Album of the Week: Walls - Coracle

Talk about getting off to a flying start. Last year this Kompakt-signed duo unveiled a debut LP so stunning Mojo awarded it Electronic Album of the Year, while NME featured the release in its 2011 lists.


Artist: Walls
Album: Coracle
Label: Kompakt
Release Date: 26/9/2011

Then acclaimed live act Battles invited the pair, AKA Alessio Natalizia and Sam Willis, on a tour of the US. And now Walls are back with a similarly impressive long player, offering another batch of epic techno and sunrise electronica; a package prepared with impressive speed over the 12 months or so since the first installment arrived.

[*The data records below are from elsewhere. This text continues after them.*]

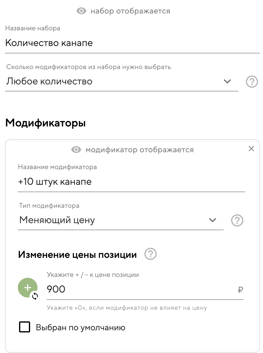 Если цена должна меняться в зависимости от выбранного количества или вкуса, укажите тип модификатора: «Меняющий цену». Например, модификатор «+10 штук канапе» увеличивает цену на 900 рублей, так как стоимость одного канапе составляет 90 рублей. Подробнее про создание модификаторов рассказываем по ссылке.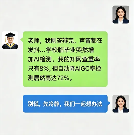 凌晨两点,我接到一位刚答辩完的硕士私信,他声音都在发抖,学校临毕业突然加的AI检测,他的知网查重率虽然只有8%,但自动降AIGC率检测居然高达72%…面临取消学位。这不是个例,现在的论文查重平台算法,已从“关键词比对”进化到“语义逻辑链检测”,用老办法改词换句行不通了。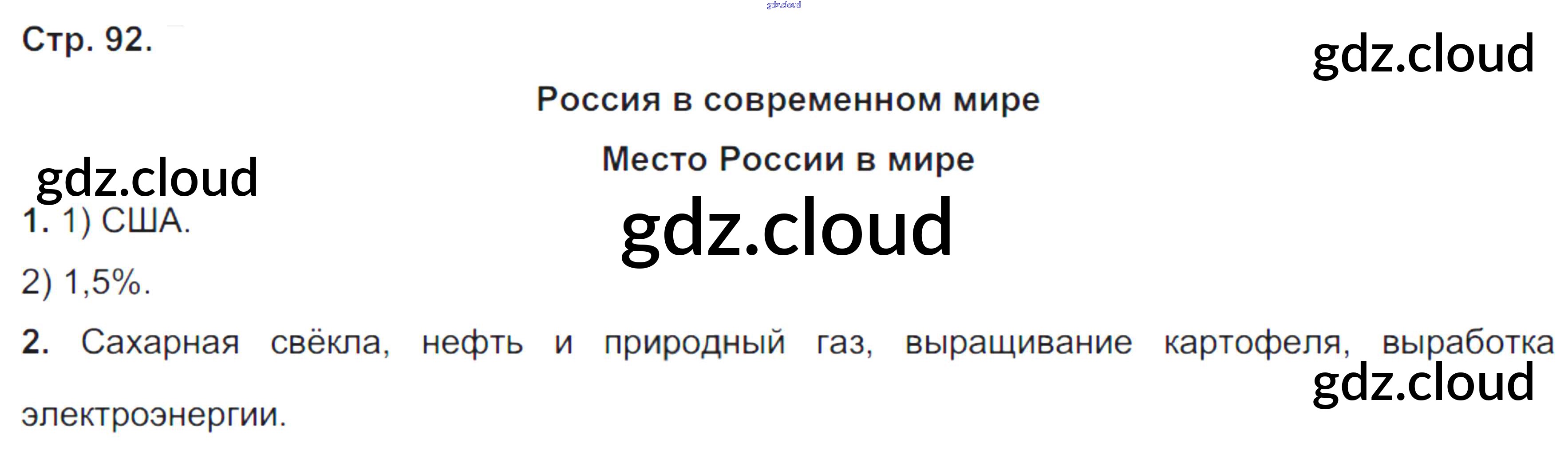 Ответ на задание стр.92 Рабочая тетрадь География за 9 (девятый) класс Таможняя, Толкунова Алгоритм успеха 2017 ФГОС онлайн и без номера телефона.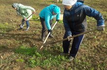 Коллектив МБДОУ "Кояшкай" организовал работу по уборке территории. Младшие воспитатели и технический персонал очищают территорию от опавших листьев. Также идет работа по уборке огорода.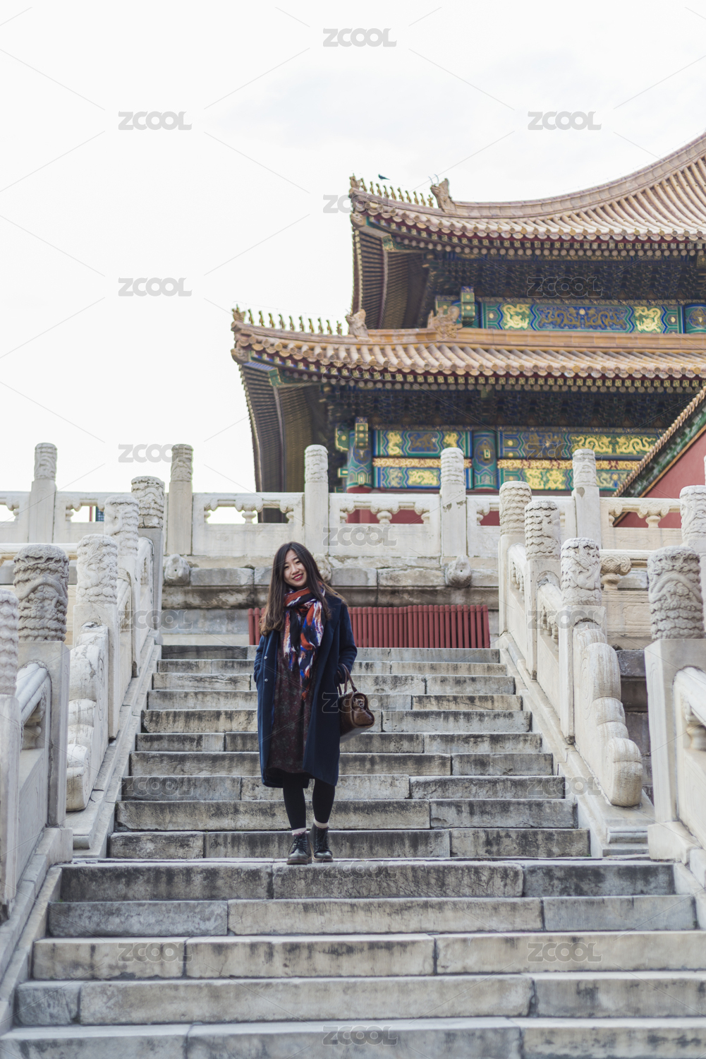 初冬游览北京故宫博物院的亚裔女性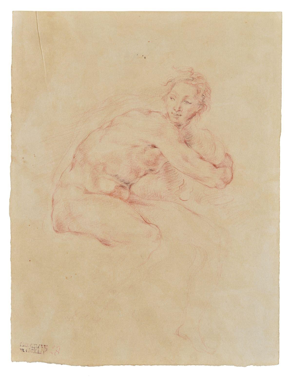 Etude d'homme, sanguine et fusain sur papier, cachet de la Collection Prince Orlov no 28, 30x22,5 cm

Production details to one side the aural contents of this seven-track-strong collection are equally worthy of note. It's a disc made up of blissful soundscapes that are unquestionably pleasing to the ear, but while referencing the likes of Explosions In the Sky, not least in the delicately strummed guitar melody of Ecstatic Truth, there's a lot more going on here than simple downbeats.

Sunporch, for example, opens with an ethereal vocal refrain atop a gradually growing and grooving kick, bass and hi hat combination. Soon things settle down into what could best be described as a proggy groover, all soaring harmonies over voices set to mainroom drums. Think Sasha getting started and you won't be too far off the mark.

There are plenty more tracks that forsake the couch for a dancefloor too, which is one of the unique aspects of Walls' ethic. Because while crystalline chimes form the core of Vacant, a lush, textured piece of exceptional ambient work, just moments before we were chugging along to the festival-field-filling arrangements of Il Tedesco, a tune made up of horns, lyrical stabs and a wide-load baritone as big as it is dubby.

All of which isn't to say that closing number Drunken Galleon won't provide a lasting memory that's the perfect summary of this album. It's beatless, emotive, opiate, and ultimately best described as powerfully intimate. Marrying a sound that borders on acoustic with something akin to the live acts of house, prog, and techno's more uplifting past may be unexpected, but here it's also shown to be engaging. And, when done like this, provides an essential combination of upbeat and downtempo scores with which to remember a summer spent at beach parties, while looking to the advancing winter and its darkened venues.